Records for the exercise below:

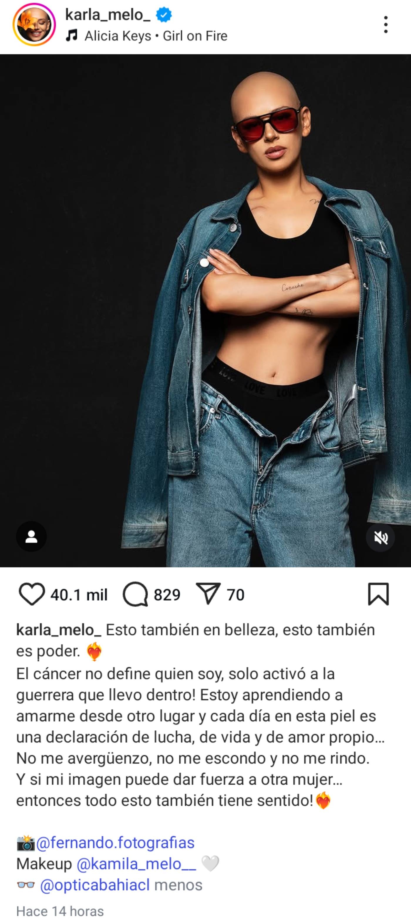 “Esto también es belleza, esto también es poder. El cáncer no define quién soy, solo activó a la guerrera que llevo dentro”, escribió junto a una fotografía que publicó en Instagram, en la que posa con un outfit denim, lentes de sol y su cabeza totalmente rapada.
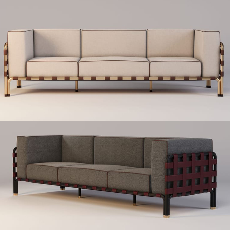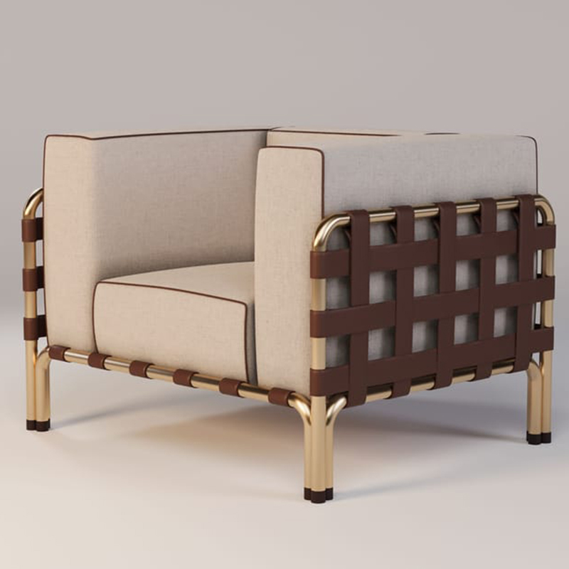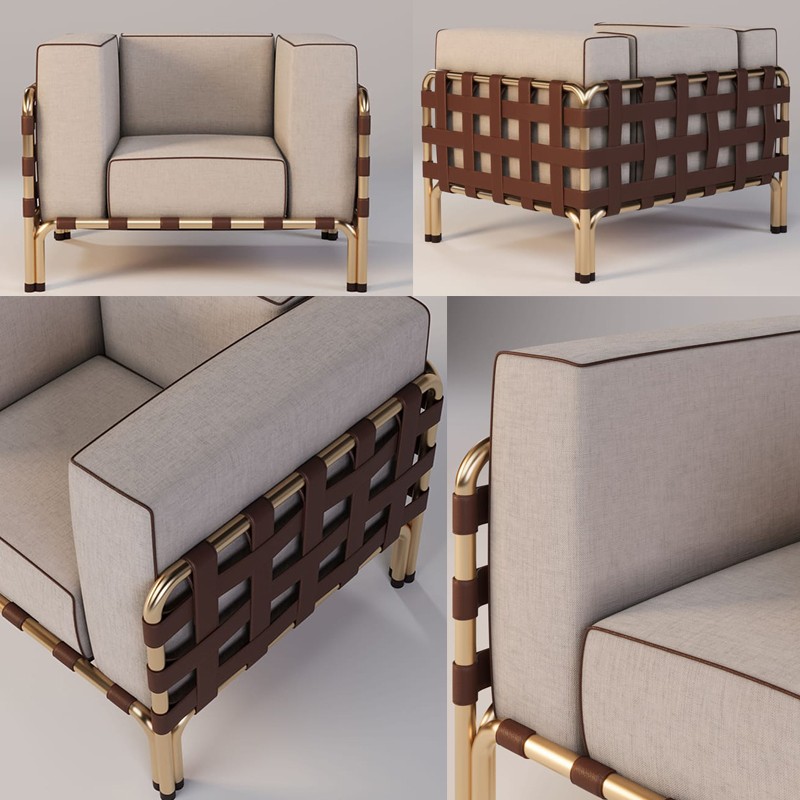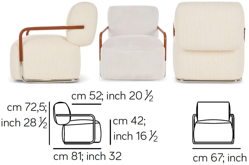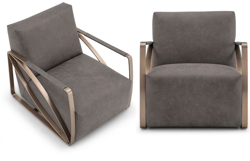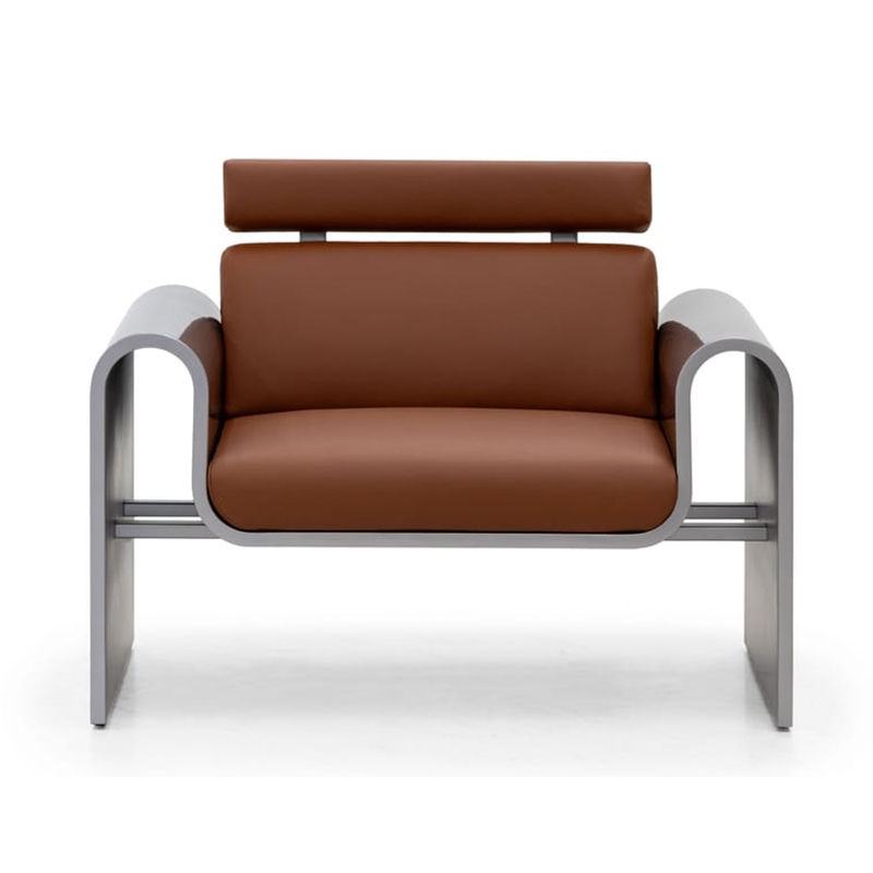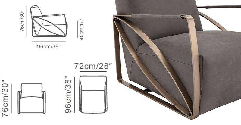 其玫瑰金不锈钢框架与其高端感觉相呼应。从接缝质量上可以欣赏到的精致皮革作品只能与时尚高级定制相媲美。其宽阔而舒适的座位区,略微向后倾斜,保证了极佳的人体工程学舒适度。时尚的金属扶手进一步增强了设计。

End of Records for the exercise.
Records for the exercise below:

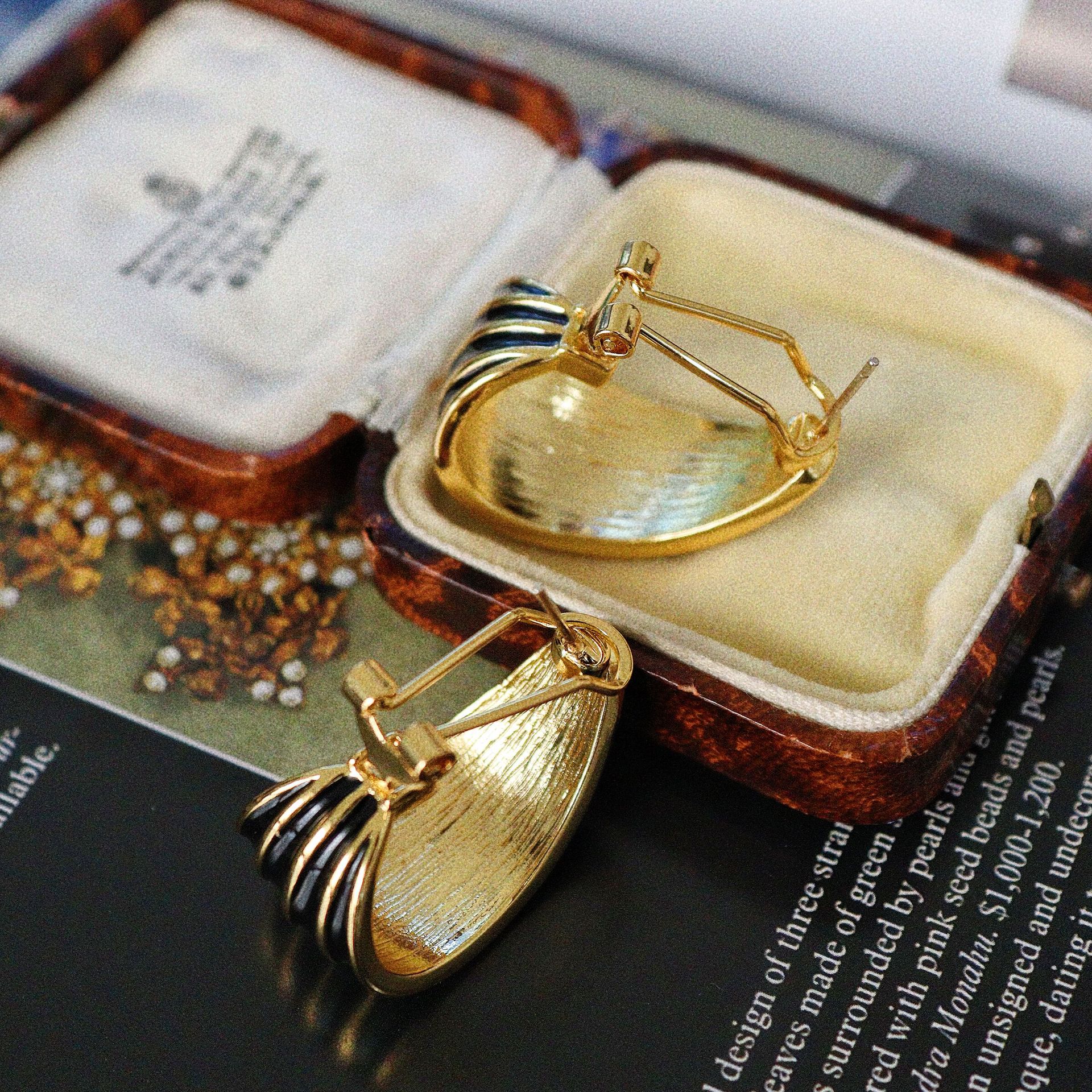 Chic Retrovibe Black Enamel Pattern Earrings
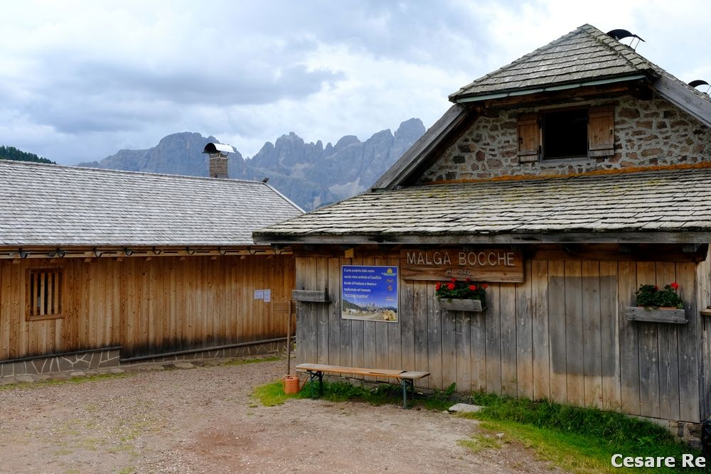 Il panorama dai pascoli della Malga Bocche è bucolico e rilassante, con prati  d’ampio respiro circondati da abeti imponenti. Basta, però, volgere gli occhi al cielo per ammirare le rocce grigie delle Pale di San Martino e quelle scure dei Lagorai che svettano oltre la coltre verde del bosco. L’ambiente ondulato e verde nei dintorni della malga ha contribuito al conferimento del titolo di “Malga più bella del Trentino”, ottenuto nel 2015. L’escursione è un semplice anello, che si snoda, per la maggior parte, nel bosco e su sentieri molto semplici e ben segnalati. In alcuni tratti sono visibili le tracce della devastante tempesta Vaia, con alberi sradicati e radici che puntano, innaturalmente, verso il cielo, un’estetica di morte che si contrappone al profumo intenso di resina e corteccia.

End of Records for the exercise.
Records for the exercise below:

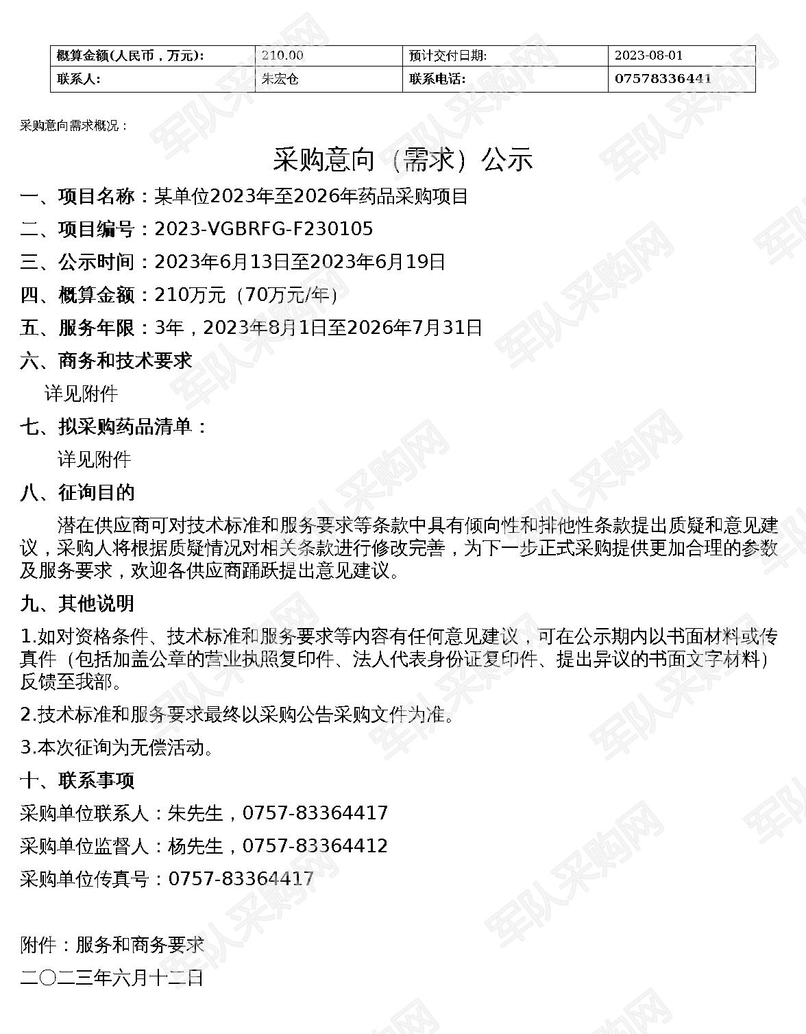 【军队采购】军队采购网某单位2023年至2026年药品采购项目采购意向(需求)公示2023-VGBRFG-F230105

End of Records for the exercise.

» **Exercise objective**:
Exact repeat of the material above: every line from the one with "cabeza totalmente rapada." through the one with "其玫瑰金不锈钢框架与其高端感", endpoints included, and nothing more. No pictures.

» **Problem solution**:
 “Esto también es belleza, esto también es poder. El cáncer no define quién soy, solo activó a la guerrera que llevo dentro”, escribió junto a una fotografía que publicó en Instagram, en la que posa con un outfit denim, lentes de sol y su cabeza totalmente rapada.
 其玫瑰金不锈钢框架与其高端感觉相呼应。从接缝质量上可以欣赏到的精致皮革作品只能与时尚高级定制相媲美。其宽阔而舒适的座位区,略微向后倾斜,保证了极佳的人体工程学舒适度。时尚的金属扶手进一步增强了设计。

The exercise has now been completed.